The company was formed in 1980 by Boris Popov of Saint Paul, Minnesota after he survived a 400-foot (120 m) fall in a partially collapsed hang glider in 1975. As a result Popov invented a parachute system which would lower an entire light aircraft safely to the ground, assuring minimal, if any, injuries or casualties among its occupants. Typically with this system there is moderate structural damage to the aircraft immediately after parachute deployment and during the subsequent landing and recovery. The system can be used in the event of loss of control, failure of the aircraft structure, or other in-flight emergencies.[1]

Popov was granted a U.S. patent on 26 August 1986 for the so-called Ballistic Recovery System (BRS) - patent US 4607814 A.[2]

History

BRS was founded in 1980 and introduced its first parachute model two years later in 1982, with the focus on the ultralight aircraft market. The company recorded its first successful aircraft and crew recovery in 1983: Jay Tipton of Colorado.[1]

In 1998 the company collaborated with Cirrus Design (now called Cirrus Aircraft) to develop the first recovery parachute system to be used on a type certified aircraft, the Cirrus SR20. They named the design the Cirrus Airframe Parachute System (CAPS). In 2002 BRS received a supplemental type certificate to install their parachute system in the Cessna 172, followed by the Cessna 182 in 2004 and the Symphony SA-160 in 2006.[1]

In response to the 2008 economic crisis and associated falling orders, the company announced in November 2008 that it would lay-off 25% of its workforce for an indefinite time period.[3]

Products

Ballistic rescue parachutes

Components

A solid-fuel rocket is used to pull the parachute out from its housing and deploy the canopy fully within seconds. Typically on ultralight installations the rocket is mounted on the parachute container. On larger aircraft installations the rocket may be remotely mounted.

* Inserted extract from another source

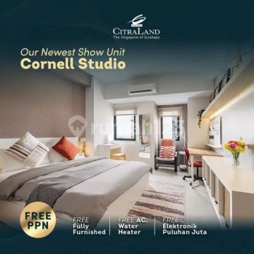 FREE PPN DTP 50% FREE SERVICE CHARGE 5THN APARTEMEN DENVER & CORNELL SELANGKAH KE UNIVERSITAS CIPUTRA Harga Studio Cornell. Luas gross : 27,2m2 Harga Cash lt 08: 536,000,000. Dipotong subsidi ppn 50%. Jadi cukup Bayar Rp 511,423,424,- Pembayaran tandajadi : 10jt. Bonus : AC, Water Heater. Dan furnish standart ( tempat tidur, Lemari baju. Meja. Lemari kitchen) More info: 0878xxxxxxxx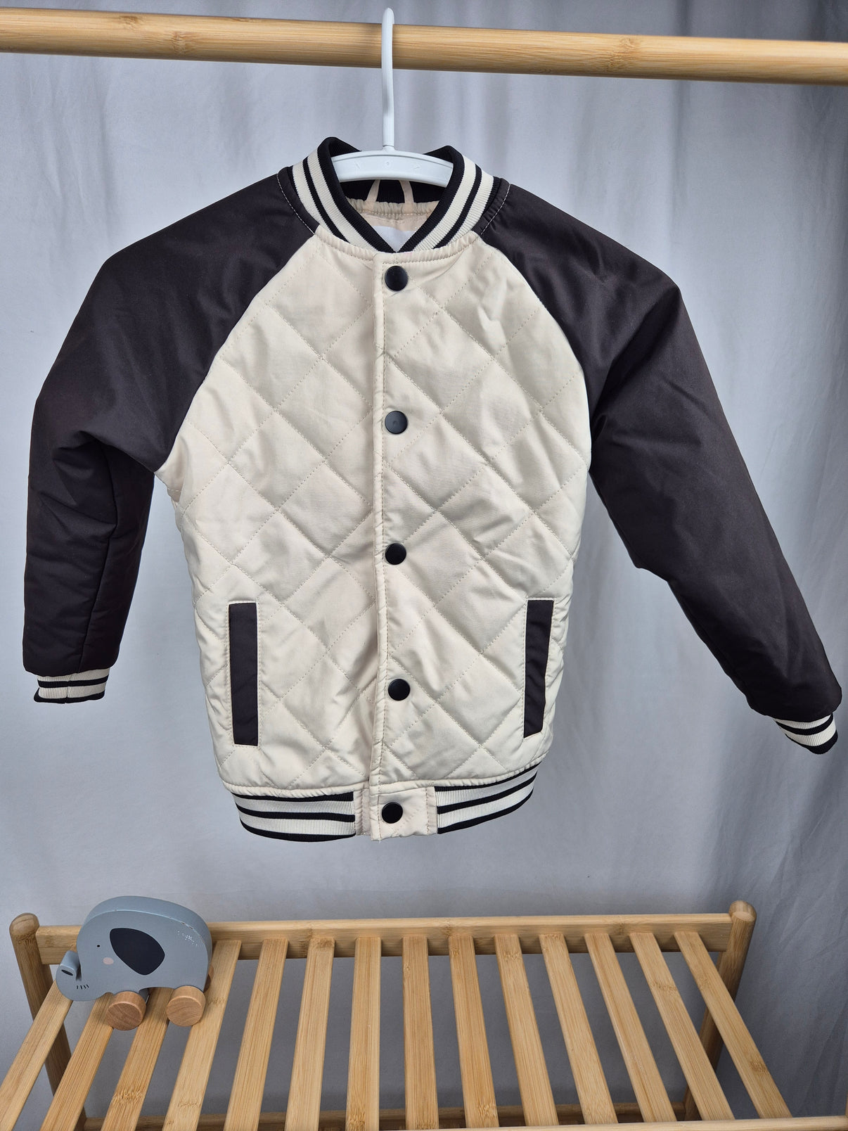 Stylová prošívaná bunda Sinsay v kombinaci krémové a černé barvy s kontrastními pruhy na límci, rukávech a spodním lemu. Připomíná oblíbený „college“ styl, takže se hodí jak do školy, tak na běžné nošení. Lehká, ale hřejivá – ideální na podzim či jaro. Zapínání na patentky a dvě praktické kapsy.

Over the years the BRS systems employed have been improved and updated and the current version is the BRS-6. This has a separate rocket installation that can be removed from the parachute so the parachute can be sent for re-packing without the problems of trying to ship the rocket as well. Typically the parachute requires repacking every six years and the rocket requires replacing every 12 years.

Rescues completed

The first ballistic recovery parachutes were on the market in 1982, and the first deployment was in 1983. Between then and April 2007, over 225 people were aboard 201 aircraft which deployed BRS parachutes; most of whose lives were presumably saved by those parachute deployments.[4]

Aircraft supported

BRS Models are available for:

Development

On 18 July 2008 BRS announced that its new 5000-series canopy had completed compliance testing to ASTM International standards. This new parachute system is intended to provide a recovery capability for much larger aircraft, including very light jets. Initial applications may include the Diamond D-Jet, Cirrus Vision SF50 and Lancair Evolution. FAA certification is being pursued to allow installation on certified aircraft.[6]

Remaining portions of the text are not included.